I don't mean this as a hijack, so make a different thread if you think it is needed. But I'd really be interested in hearling the long version of this story. It jsut seems like so many things have hit the fan at this point, I'd like to hear the sequence.

Edited: Oops, old post. :D
 
In Coz, a diver got a very mild snag on the anchor line during descent, he just had the line wedged onto his first stage. Instead of letting his buddy continue to undo the tangle, he pulls out a very impressive dive knife and starts to hack at the line. Had he cut thru the line, he would be very surprised when he is now attached to the boat, and now that the boat is no longer anchored, it will start to rock in the swells, and drag him with it. Not to mention he would have created a VERY pissed off crew.
Luckily, our guide caught him in time and gave him a good staring at before we continued our dive.
 
zboss:
I once heard and AOW student ask the instructor how to vent air from his BCD.

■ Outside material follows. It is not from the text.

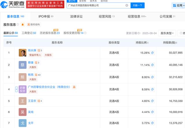天眼查App信息显示,必贝特成立于2012年1月,位于广东广州市。目前,该公司的注册资本约为3.6亿元,法定代表人为钱长庚(QIAN CHANGGENG),主要股东包括钱长庚、蔡雄等。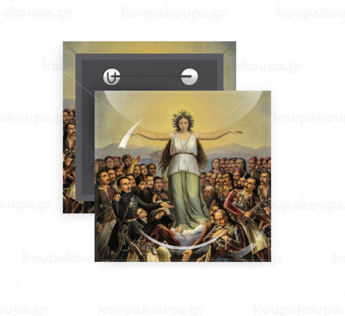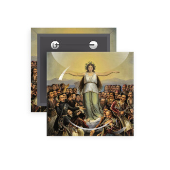 Square badge with a safety pin, in excellent quality of construction and great durability over time. The type of badge with a pin is the most widespread product in this kind.

Had the opposite problem. I spent two dives swimming behind a girl who was scared as hell of having *any* air in her BC whatever. She spent almost two hours essentially on her hands an knees, pulling herself along the bottom.

Even worse. It was a DM-led dive, and periodically the DM would look back, see what was going on and add air for her. Immediately, the girl would dump it out again as "she was scared of shooting to the surface."

Right. Especially dangerous since we spent the whole dive at 15 feet :)
for dive 2, the DM insisted she remove her gloves so she could get a taste of how the coral felt when she grabbed it. Oddly, she didn't seem too keen to vent the air out on that dive...
 
Time - a few years ago

Place - Southern Red Sea

Scenario
Was on liveaboard out of Marsa Alam. During a dive, I'm stationary along with my group, watching for hammerhead sharks at 30M.

A group from a rusty tin tub of a liveaboard moored next to us appears. Two men from that group suddenly decend like lead. I lose sight of them. A few minutes later, they reappear and judging by their gestures, they'd seen or done something amazing.

Back on the boat, our dive leader who'd witnessed this strange event informed us that the two guys had been having a contest to see who could go down deepest and the winner's computer registered 78 metres and he was showing this off to the rest of the group (who were oblivious to the hammerheads and the other marine life but concerned solely with who could perform this deep-diving feat).

I don't know what became of this lot - and I don't think I care.